Data-driven framework for automated simulation of wind and windborne debris effects for hurricane regional loss estimation

• Published in: Journal of wind engineering and industrial aerodynamics Vol. 230; p. 105167
• Main Authors: Angeles, Karen, Kijewski-Correa, Tracy
• Format: Journal Article
• Language: English
• Published: Elsevier Ltd 01.11.2022
• Subjects: Fault tree analysis; Hurricane; Open data; Regional loss estimation; Windborne debris; Fault tree analysis; Windborne debris; Hurricane; Open data; Regional loss estimation
• ISSN: 0167-6105; 1872-8197
• DOI: 10.1016/j.jweia.2022.105167

Hurricanes are a major driver of disaster losses in the United States; these losses can be minimized through the development of open-source scientific workflows that conduct site-specific, building-specific and component-level loss assessments across entire regions. While today's open-source workflows provide parcel-level granularity, common use of non-specific building characterizations limits the fidelity of these representations, particularly with respect to site-specific effects of wind and windborne debris (WBD) hazards. In response, this paper presents a new framework that utilizes publicly available data to enable modeling and analysis capabilities necessary to (1) capture site-specific, building-specific exposure to wind and WBD hazards and (2) propagate these demands through the building envelope's load path. The proposed data-driven framework is applied to an office building located in Florida's Bay County, the landfall site of Hurricane Michael. Leveraging a new building data model for regional loss estimation, this case study demonstrates the framework's use of open data to automate population of site models, WBD missile environment, wind pressure distributions, and component capacities to enable fault tree analyses for target and source buildings.

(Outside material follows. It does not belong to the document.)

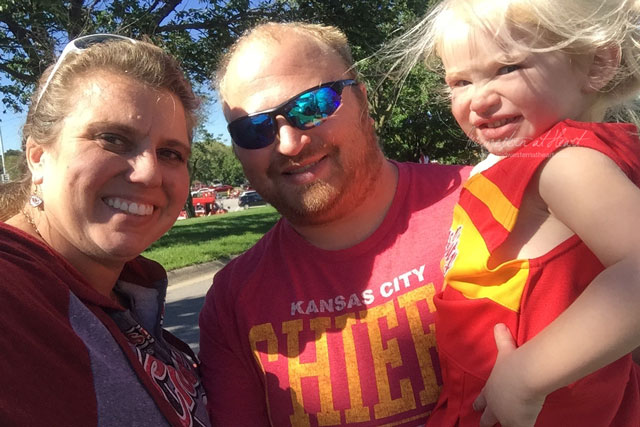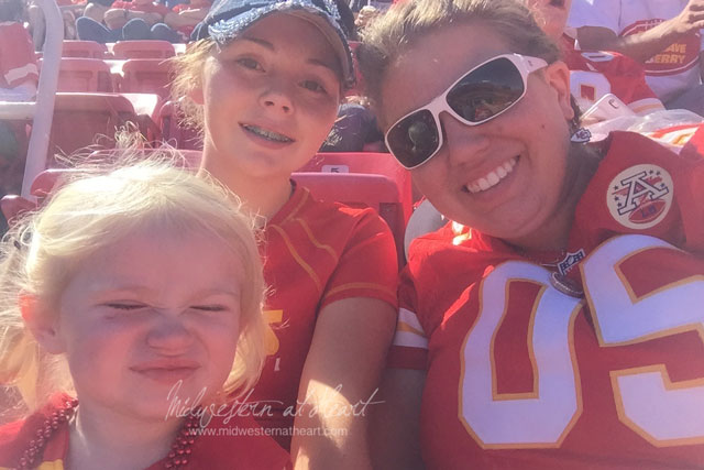 I swear there are days we need our heads examined. Noon game and we were up at 4 to head to Kansas City so we could tailgate. Oy! Seriously, check our heads!

The proposed approach can be utilized to identify hazard- and building-specific, component-level damage consistent with actual damage observed in Hurricane Michael. •Simulates site-specific effects of wind and windborne debris hazards on buildings.•Utilizes open data to generate site- and building-specific, component-level features.•Enables fault tree analyses to propagate demand through building envelope load path.•Compares simulated pressure and debris damage to observations in Hurricane Michael.•Reveals damage with granularity necessary for targeted mitigation decisions.